Directions for this task
None of the pictures should appear; the lines from the line containing "Колодки гальмівні (передні)" through the last line of the listing must be repeated exactly.

Data
• • • •

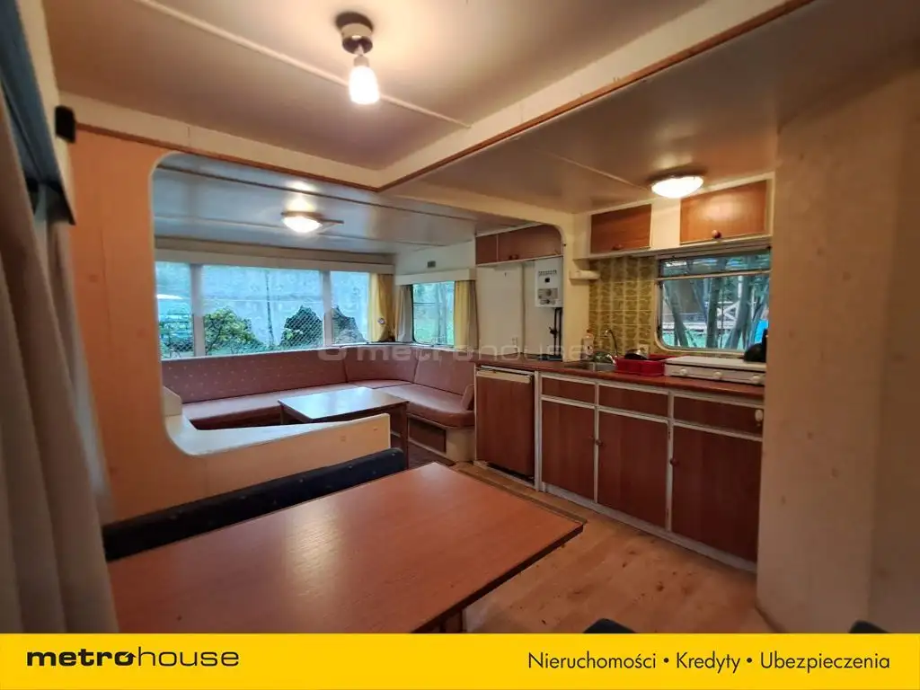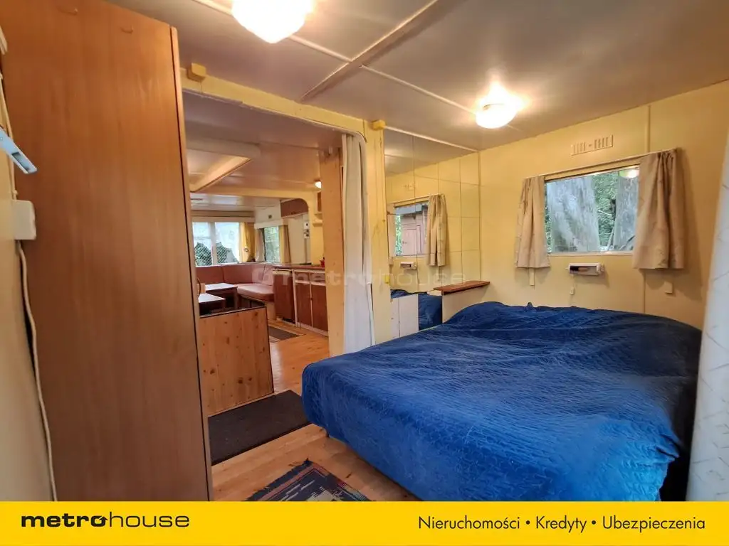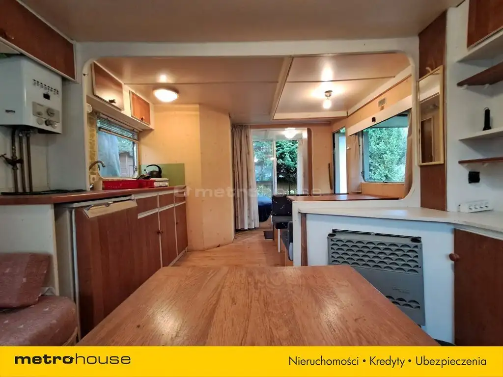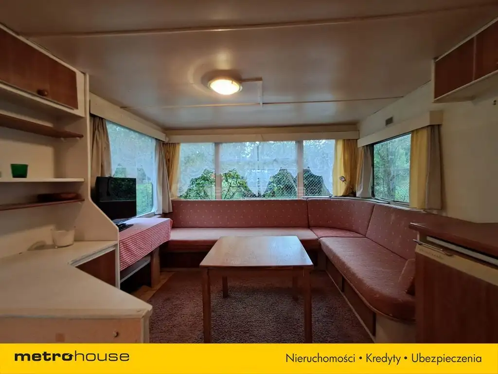 W środku: salon z dużymi oknami, sypialnia, aneks kuchenny i łazienka z wc.
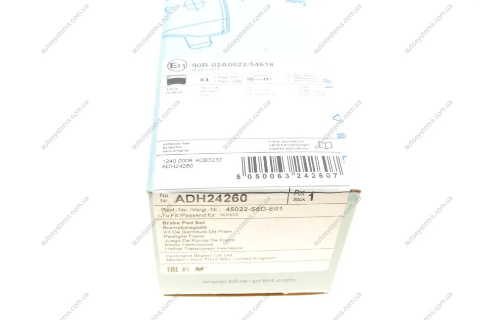 Колодки гальмівні (передні) Honda Civic VI/VII 94-05/Concerto 89-95/Rover 400 90-00 Blue-print ADH24260
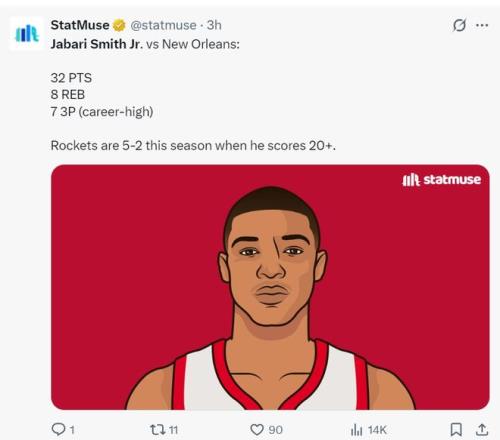 这场比赛小贾32分是赛季新高,他延续了生涯的一场纪录,那就是进入联盟后他每一个赛季都至少拿到一场30+,除此之外7个三分球也是小贾生涯新高,小贾本赛季拿下20+时火箭拿下5胜2负。

• • • •

Answer below
 Колодки гальмівні (передні) Honda Civic VI/VII 94-05/Concerto 89-95/Rover 400 90-00 Blue-print ADH24260
 这场比赛小贾32分是赛季新高,他延续了生涯的一场纪录,那就是进入联盟后他每一个赛季都至少拿到一场30+,除此之外7个三分球也是小贾生涯新高,小贾本赛季拿下20+时火箭拿下5胜2负。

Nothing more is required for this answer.